The authors reframe the problem as logistic regression: for a query \((B_{\tau(i)},B_{\tau(i)-1})\) repeated \(k\) times with \(k_+, k_-\) counts for \(+1/-1\), the parameter \(\theta=g_i\) follows a logistic model. Standard Maximum Likelihood Estimation (MLE) yields \(O(1/k)\) bias. By applying Firth's (1993) penalized likelihood method—adding \(\frac12\log|I(\theta)|\) to the log-likelihood—the first-order bias is eliminated for exponential family natural parameters. For the logistic case, this yields: $\(\hat\theta^*=\frac1b\log\frac{k_++\tfrac12}{k_-+\tfrac12}.\)$ This "half-count" adjustment reduces bias to \(O(1/k^2)\), yielding the estimator used in Algorithm 2.
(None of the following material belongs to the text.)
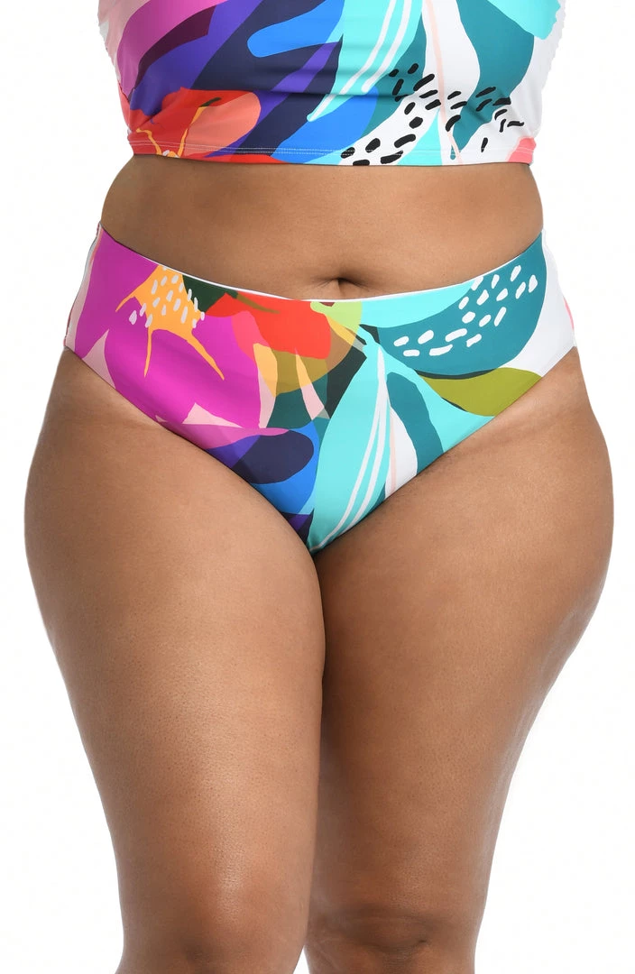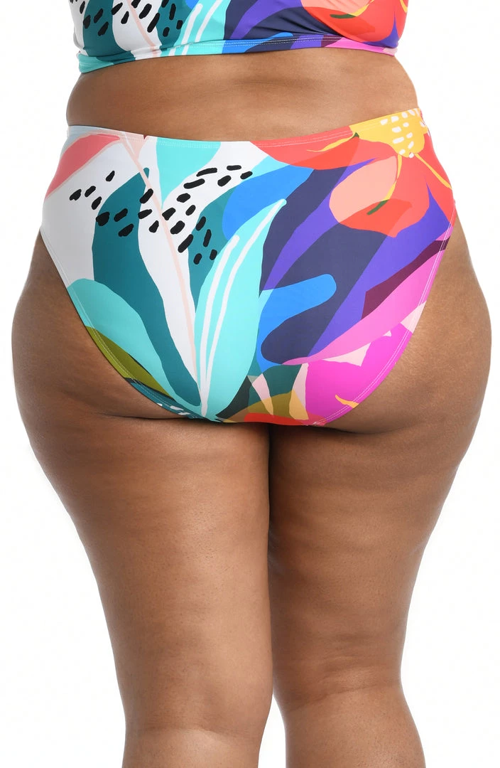 Bursting with color, these vibrant tropical print swim bottoms will put you in a vacation state of mind. Exuding a retro-inspired glamorous style, the classic hipster cut gives you a little extra coverage while still staying sexy. Moderate coverage in back gives you all the confidence you need to take on the day, whether swimming, snorkeling or paddleboarding.
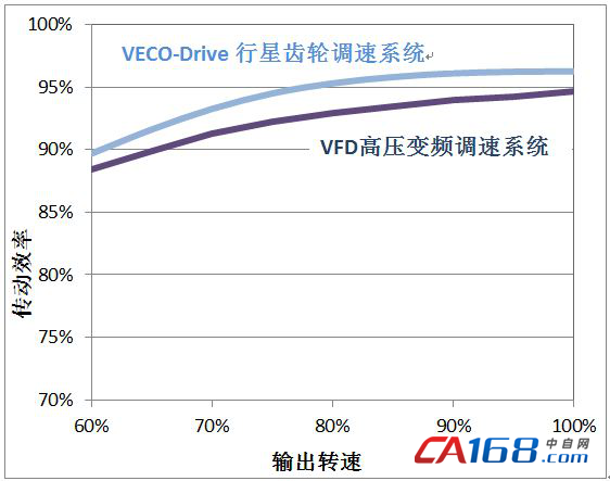 VECO-Drive是福伊特驱动推出的首款机电一体化调速行星齿轮,这一创新解决方案由机械行星齿轮和变频伺服电动机组成,是在有着600多台应用业绩的VORECON产品基础之上的进一步升级。VECO-Drive机电一体化调速之星是最为高效的调速驱动装置。在采用伺服电动机驱动行星齿轮之后,其功耗降低为很小的一部分,从而使得驱动效率最高可达97%以上。如此一来,既节省了宝贵的能源同时又降低了日常运营费用。

3. Three-Way Balanced Parameters: Managing Bias as a Third Error Source

With the loss of unbiasedness, the analysis becomes more complex. Standard SFM analysis balances two terms: "distance contraction" \(\propto n/\eta\) and "variance" \(\propto \eta\sum\|\hat g_t\|^2\). In the sigmoid case, a third term—subgradient estimation bias—emerges, along with a new control variable: the number of repeats \(k\).

The authors provide a parameter rule to jointly optimize these three terms. Solving the combined error bound yields \(\eta \propto (n^2/T^2)^{1/5}\), \(T' \propto T^{4/5}/n^{4/5}\), and \(k \propto T^{1/5}/n^{1/5}\). This configuration results in the \(O(n^{7/5}/T^{2/5})\) bound. The degradation from \(1/2\) to \(2/5\) in the exponent of \(T\) is the formal "price" of non-linear bias.

4. Lower Bounds under Pairwise Queries

The authors prove matching lower bounds by extending the hard instance construction from Ito (2019). The proof explicitly incorporates the "distribution over query pairs" to bound the KL divergence between distributions induced by different instances.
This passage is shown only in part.